Main Side Effect of Some Drugs: Identity Confusion

It’s astonishing how effective pharmaceuticals are today with only very minor side effects.

But there’s one side effect yet solved and I suspect it’s the most potent for some drugs: the identity confusion of whether the you on drugs is really “you.”

For drugs that deal with personality issues or depression, I imagine even a successful patient must grapple with whether their newly improved state is artificial. (Artificial in a more serious way than the effect of myriad everyday things like coffee.) Am I really happy or is it just the drug that’s tricking me into thinking so?

If the goal is to have people take medication that can help them while also minimizing in their own minds the fact that they’re on medication, maybe these drugs could induce temporary amnesia immediately after swallowing the pill? The problem is that you need to know you’ve actually taken it!

Bottom Line: We’ve made remarkable progress in eliminating the biological side effects of anti-depressants and other mind-altering drugs, but still have to figure out how to deal with the assorted identity and self-understanding issues that can bedevil medicated patients.

(Note: I have never been on any these drugs so I’m speaking from observation not experience.)

10 comments on “Main Side Effect of Some Drugs: Identity Confusion
  • Dan Gilbert has some interesting ideas on synthetic happiness. Read some of his books, or look for his TED talk. He makes a strong case that synthetic happiness is just as real as “real” happiness.

  • I believe that worrying, “Is it me, or is it the drugs?” is silly self-indulgence.

    You can alter your mood by exercising…do you wonder, “Is it me, or Gold’s Gym?”

    You can alter your mood by having regular sex…do you wonder, “Is it me, or the orgasms?”

    You can alter your mood by sleeping more…do you wonder, “Is it me, or the siesta?”

    In fact, it’s simply yet another way to avoid responsibility. If Prozac cancels out your responsibility for your own happiness, then logically, Johnny Walker should cancel our your responsibility for getting behind the wheel and wiping out the local Cub Scout troop.

  • You might want to read Listening to Prozac. He talks at lengths about patients whose lives were transformed by Prozac and what that means in terms of definition of the self. In many of the patients’ cases, they saw themselves on Prozac as the “real me” vs. the hollow, pre-Prozac personality.

    Note that this is a distinct minority of Prozac users. Most users report benefits from taking the drug, but 20% or so say it changed their lives dramatically.

  • Ben, I have been on medication for many years for both OCD and crippling depression. At times I have struggled with issues of feeling “not like myself” as well as feeling that if the drugs were making me “happy,” then it was an artificial happiness.

    Now that I’ve finally found a combination of drugs that works well for me (and admitted that medication is, for me at least, a lifesaver), I prefer to look at it like this: The drug does not make me happy. The drug evens out the chemicals in my brain so that I’m better capable to make life choices that will make me happy.

    I’ve found that the feelings of “not being myself” are really feelings of fear of change, and fear of success.
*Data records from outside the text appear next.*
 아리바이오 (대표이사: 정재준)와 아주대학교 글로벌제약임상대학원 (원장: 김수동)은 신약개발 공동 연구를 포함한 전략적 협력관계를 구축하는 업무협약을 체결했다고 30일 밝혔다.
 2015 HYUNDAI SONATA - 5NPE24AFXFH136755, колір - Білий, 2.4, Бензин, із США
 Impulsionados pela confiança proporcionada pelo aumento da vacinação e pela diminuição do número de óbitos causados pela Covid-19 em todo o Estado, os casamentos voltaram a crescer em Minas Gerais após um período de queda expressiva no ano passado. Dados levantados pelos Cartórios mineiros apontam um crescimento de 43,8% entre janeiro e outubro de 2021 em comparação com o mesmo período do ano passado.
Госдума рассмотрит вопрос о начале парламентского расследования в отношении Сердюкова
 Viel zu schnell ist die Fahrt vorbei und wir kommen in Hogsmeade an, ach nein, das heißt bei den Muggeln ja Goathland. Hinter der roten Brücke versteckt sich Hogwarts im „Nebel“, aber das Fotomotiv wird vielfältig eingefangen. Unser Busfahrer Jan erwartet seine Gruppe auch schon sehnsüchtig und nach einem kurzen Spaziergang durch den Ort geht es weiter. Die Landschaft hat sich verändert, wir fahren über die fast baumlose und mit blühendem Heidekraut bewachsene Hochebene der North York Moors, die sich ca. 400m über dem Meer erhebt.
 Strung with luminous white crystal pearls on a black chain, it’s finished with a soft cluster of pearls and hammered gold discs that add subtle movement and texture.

And though I do still sometimes struggle with the idea that this simply is not the real me, it’s a small price to pay for being a functional human being.

  • I can’t think of a less rewarding subject for contemplation than this so-called “identity confusion of whether the you on drugs is really ‘you’.”
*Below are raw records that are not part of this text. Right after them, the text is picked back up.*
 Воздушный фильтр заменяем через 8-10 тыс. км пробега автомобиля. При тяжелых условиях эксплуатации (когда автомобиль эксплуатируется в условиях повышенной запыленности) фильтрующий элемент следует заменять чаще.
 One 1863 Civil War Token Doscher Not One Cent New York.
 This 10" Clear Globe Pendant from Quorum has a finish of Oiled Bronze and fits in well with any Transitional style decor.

    We should be suspicious of unjustified and exaggerated claims made for the efficacy of such profitable drugs as Prozac or Zoloft. Drug treatment may have its place in treating emotional disorders, but those ultimate purveyors of materialism, the pharmaceutical industry, spend hundreds of millions of dollars to aggressively market their products.
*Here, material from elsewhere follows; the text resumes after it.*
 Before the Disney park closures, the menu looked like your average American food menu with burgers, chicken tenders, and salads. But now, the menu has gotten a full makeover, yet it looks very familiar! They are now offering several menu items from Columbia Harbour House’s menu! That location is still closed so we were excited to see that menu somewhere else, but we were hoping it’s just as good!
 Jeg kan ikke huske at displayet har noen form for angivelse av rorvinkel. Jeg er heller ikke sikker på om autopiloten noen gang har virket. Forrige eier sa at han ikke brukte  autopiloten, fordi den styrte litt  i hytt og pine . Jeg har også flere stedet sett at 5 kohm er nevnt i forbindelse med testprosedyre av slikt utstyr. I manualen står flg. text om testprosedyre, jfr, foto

    The truth is that selective serotonin reuptake inhibitors like Prozac do not perform that much better than placebos in controlled clinical trials, except in the most severe depressions.

    We would never know from industry advertising that there is no scientific evidence for the “serotonin-biochemistry imbalance” theory of depression.

    Even much of the current scientific literature is corrupted by publication bias and ghost writing commissioned by the
    pharmaceutical industry.

    Absurd utopian fantasies of better living through chemistry are promoted relentlessly by profit-hungry drug companies, to the point their customers are persuaded they can’t reach their full human potential without them.

    Regarding your rhetorical question, “Am I really happy or is it just the drug that’s tricking me into thinking so?”:

    It is a time-honored practice of wise men and women everywhere to put on a front of happiness when none is felt, and thus to find that depressive moods disappear, and the happy feeling becomes genuine.

    People would do better to cultivate the experience of joy in their daily lives than to try to create it artificially through drugs in a futile effort to restore some elusive and unscientific ‘balance’ of brain chemicals.

    I believe this is where David Foster Wallace went wrong. His writing revealed that he habitually took the most negative view of events. This constant reinforcement of the downside has devastating effects on mental health, and I think his life was a witness to that truth.

  • Vince,
    I welcome you to come watch me pacing back and forth in a doorway while organizing my thoughts into complete sentences and repeating them over and over to myself until I get it “right”–at work, in the middle of the day–and then watch me a week later, on the right combination of medications, and tell me to my face that I’m taking the equivalent of a placebo. Please. There are drugs for all sorts of diseases that work without us knowing the exact chemistry of how or why they work.

    It’s not about creating an artificial joy. It’s about being able to leave my bed and my apartment, and being able to function as a human being.

    Yes, antidepressants are over-marketed and over-prescribed, but that doesn’t mean they’re useless little sugar pills.

  • Thanks for your reply, Carli.

    You should know that I never said antidepressants are “useless little sugar pills”.

    You might notice what I did say: “SSRI’s like Prozac do not perform that much better than placebos in controlled clinical trials, except in the most severe depressions.”

    I know what it is to be clinically depressed, but I’m more familiar with the exaltation of a manic high.

    I’ve been diagnosed with bipolar disorder, but I never took the prescribed Lithium. Instead, I invested abundant energy in building a personal philosophy to deal with unanswered questions.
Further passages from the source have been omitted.